A 17-14, rien n’est fait, ni pour eux, ni pour nous. […] Il n’y a rien d’acquis.
Julien Veniat, co-entraîneur de Rumilly, en charge des avants
Rugby Amateur : Vous avez dominé pendant les trois-quarts de la rencontre mais avez-vous eu peur d’une « remontada » d’Agde en fin de match ?
JV : Non, pas vraiment, même si on a eu des conditions compliquées en seconde période avec ce vent, c’était carrément injouable. On avait ce vent dans le dos en première mi-temps, donc on a occupé le terrain, on les a mis à la faute mais ensuite ça été très compliqué au pied, c’était aussi très limité en touche.

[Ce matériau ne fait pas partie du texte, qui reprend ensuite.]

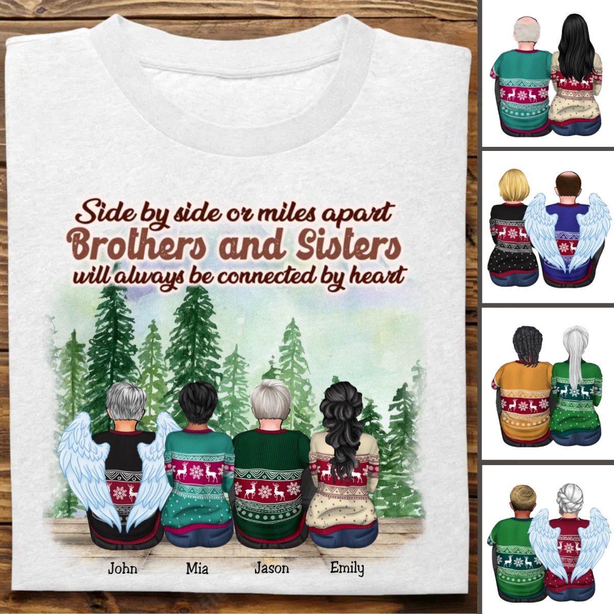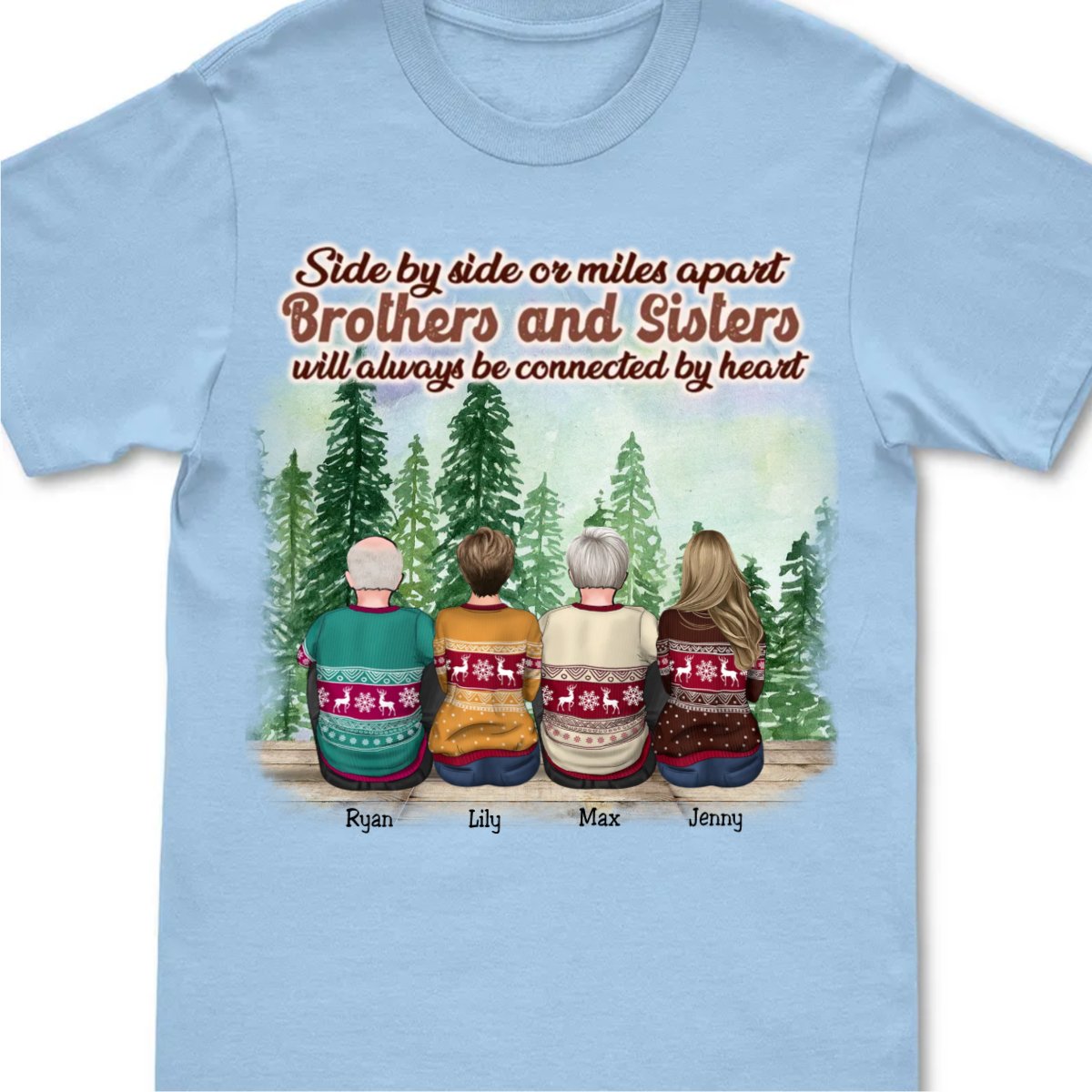 Brothers And Sisters - Side By Side Or Miles Apart Brothers And Sisters Will Always Be Connected By Heart - Personalized Unisex T-Shirt (Lake)

Et puis on savait très bien qu’en deuxième mi-temps, ils allaient tout donner. C’est une très belle équipe d’Agde, très bien structurée. On savait que ce ne serait pas un cavalier seul. On peut regretter cet essai de pénalité alors qu’il devait y avoir un carton rouge juste avant contre Agde. On prend un carton jaune et un essai de pénalité à la place. Ce sont des faits de jeu, comme je l’ai expliqué aux joueurs après coup. On est très, très, très (il insiste) content du contenu des joueurs. Maintenant, à 17-14, rien n’est fait, ni pour eux, ni pour nous. On repart à 0-0 dans l’esprit pour le match de la semaine prochaine, il n’y a rien d’acquis. Il n’y a rien de fait.
LA FEUILLE DE MATCH
A Agde (Stade Michel Millet) – Agde – Rumilly 14-17 (Mi-temps : 0-10)
Pour Agde : 2 essais de Mendez (69), de pénalité (74) et 1 transformation de Barthès (69)
Pour Rumilly : 2 essais de Husquin (15) et Pignier (60), 1 pénalité (12) et 2 transformations de Muñoz (15, 60)
Arbitres : Mr Andréani assisté de Mrs Vergeladi et Nagral
Agde : Delhoume, Ferret, Cossia, Avarguez, Aris, Tardy, Daurès, Chaubaud (cap), Causse, Abéla, Barthès, Fourquier, Malaterre, Clément, Amakrane – Remplaçants : Delmas, Adsuar, Alfatoli, Mendes, Alumnia, Labrouf, Tognaccini
Carton jaune : Tardy (46)
Rumilly : Decoux, Rameaux, Marcotte, Horn, Benmedjahed, Petrod, Truche, Loursac, Munoz, Gandy, Jacquet, Husquin, Carquillat (cap), Dalla Pria, Pignier – Remplaçants : Dumont, Barbe, Saglio, Arnaud, Smiler, Lambert, Fleck.